Case Report – OCA sets aside contempt order issued against journalist

18 Mar

Yesterday, the Ontario Court of Appeal held that a trial judge erred in finding a journalist in contempt and ordering him to pay over $36,000 in costs for failing to reveal the identity of a confidential source before the source was given a chance to come forward.

The journalist, Kenneth Peters of the Hamilton Spectator, was compelled to testify in a suit which alleged that two municipalities had improperly leaked confidential information to the media. The identity of his source was relevant, if not essential, to the claim.

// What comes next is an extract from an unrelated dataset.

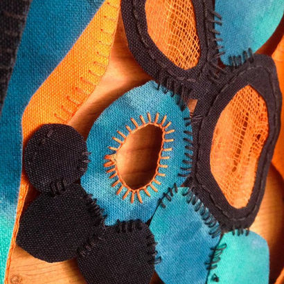Panneaux de coton peints, compresses et fils. Découpes et sutures.

Mr. Peters was first given an opportunity to testify only as to whether one of the defendants employed his source and, having refused, later given an opportunity to disclose the identity of an individual who accompanied his source but who had not been promised confidentiality. When Mr. Peters refused to answer this question, the trial judge ordered a hearing in which he was to “show cause” why the court should not find him in contempt. A day before the show cause hearing the confidential source came forward. The judge proceeded with contempt proceedings nonetheless, though he changed the charge to one of civil rather than criminal contempt.

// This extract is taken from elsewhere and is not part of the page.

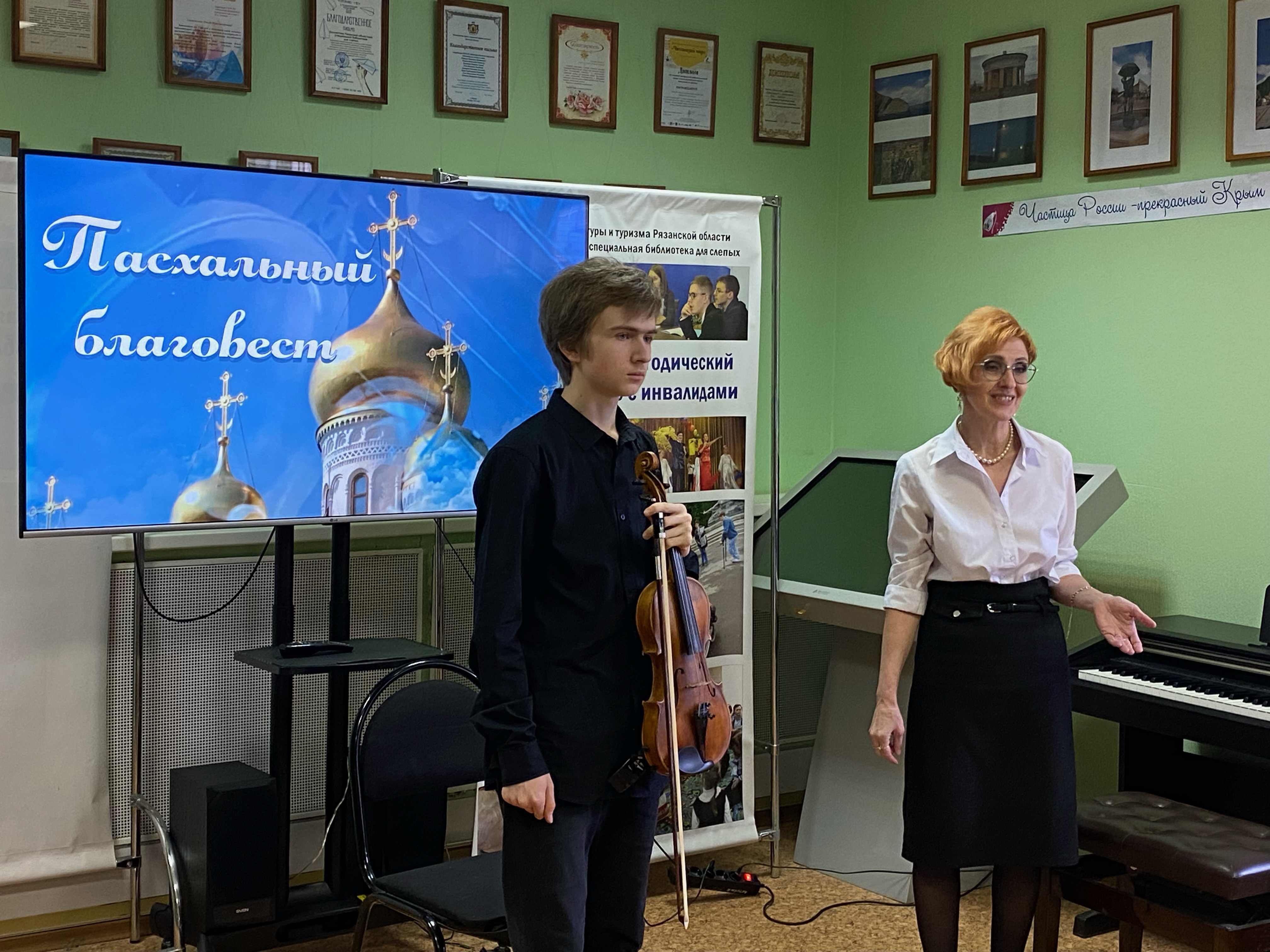 18 апреля 2023 года в актовом зале Рязанской областной специальной библиотеки для слепых в рамках музыкальной гостиной «Там, где живет музыка» прошёл праздничный концерт ко дню Светлой Пасхи «Пасхальный благовест» студентов Рязанского музыкального колледжа имени Г. и А. Пироговых.

In allowing the appeal, the Court of Appeal did not comment on the validity of the privilege claim other than stating that the trial judge ought to have assessed it against the Wigmore criteria, which in turn reflect the relevant Charter values. Instead, the thrust of the appeal judgement is about the restraint that judges should exercise in compelling testimony which reveals a source’s confidences when a claim of privilege fails. On this point, the Court’s essential finding is well-summarized from a quote it drew from a British Columbia Supeme Court judgement: “where members of the media are called to give evidence, it is incumbent upon courts to balance the necessity of having evidence before the court against the special role of the media as recognized by section 2(b) of the Charter.”

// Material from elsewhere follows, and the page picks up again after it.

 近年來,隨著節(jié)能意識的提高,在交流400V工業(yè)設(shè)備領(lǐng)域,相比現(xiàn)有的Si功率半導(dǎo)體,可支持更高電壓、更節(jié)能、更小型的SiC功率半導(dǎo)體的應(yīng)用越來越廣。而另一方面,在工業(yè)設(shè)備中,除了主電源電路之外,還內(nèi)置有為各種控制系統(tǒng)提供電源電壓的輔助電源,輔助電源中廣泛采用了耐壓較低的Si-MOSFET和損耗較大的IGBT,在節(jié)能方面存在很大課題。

In the circumstances, the Court held that the trial judge did not show sufficient restraint:

At a minimum, the appellant should have been afforded the opportunity to consider his position in light of the fact that he had been ordered to disclose the confidential information. The appellant also should have been given the opportunity to consult with the confidential source to determine whether, in light of the court’s order, the source still insisted that the confidentiality be maintained.

Also based on the principle of restraint, the Court held that the trial judge erred in proceeding with a contempt hearing after the confidential source had come forward and erred in imposing a substantial costs award.

St. Elizabeth Home Society v. Hamilton (City), 2008 ONCA 182.